И вот этот лес приказал вырубить Цезарь. Лес соседствовал с его лагерем. Пощаженный войной, он стоял одинокий, густой и непроходимый среди оголенных холмов. Услышав приказ, дрогнули даже смелые воины. Величественный лес внушал им священный трепет, и, едва ударив по заповедным стволам, люди ждали, что мстительные топоры обратятся на них самих.
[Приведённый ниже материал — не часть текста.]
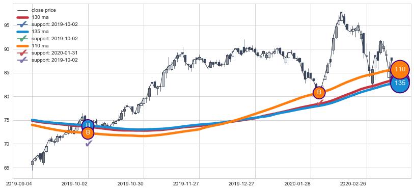 上涨趋势2019-09-04-2020-03-10,均线130, 110, 135确认关键支撑2处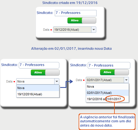 • Ao alterar algum dado do Sindicato e informar uma nova Data, inicia-se uma nova vigência encerrando a anterior.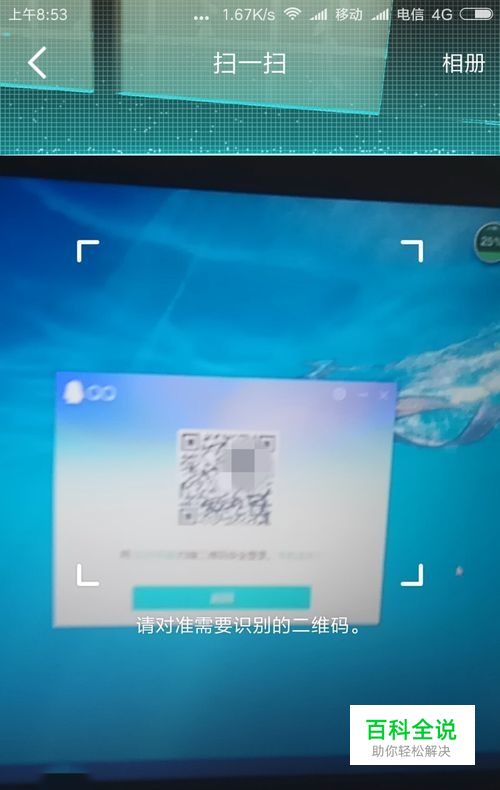 然后手机开始出现扫描状态,你将手机上的扫描框对准电脑上的二维码扫描后,即可登录QQ上网。

Цезарь, видя, что когорты дрогнули и ужас сковал им руки, первым берется за топор, взмахивает им, опускает и вонзает в дуб, касавшийся вершиной небес. И, указав на лезвие, вонзенное в оскверненный ствол, произносит: «Кто считает, что рубить лес — преступление, — смотрите, я взял его на себя, и мне падет кара». Все тут же повиновались — не потому, что укрепились его примером, а потому что боялись Цезаря больше, чем богов. И тотчас вязы, и кряжистые дубы, и водолюбивая ольха, и кипарисы впервые лишились длинных прядей своих ветвей, и меж их вершин сделался проход для дневного света. Лес валят, он рушится, оседает, но, и падая, держится слитно, гущей своей противясь падению. Дерево упорно сопротивляется смерти, дуб удерживает окрестные стволы, магическая сила друидов обращает отпавшие ветки в пучки острых копий, плющ накидывается гладиаторской сетью, лавр помнит свое божественное происхождение и не склоняет головы, и все они воюют с Римом! Войско природы, этот лес должен быть разрушен, но сдается Рим, он отступает, оставляя позади оружие и нагрудники, тела и факелы. Ваш тусклый свет не озарит эти деревья — их тайна останется неразгаданной.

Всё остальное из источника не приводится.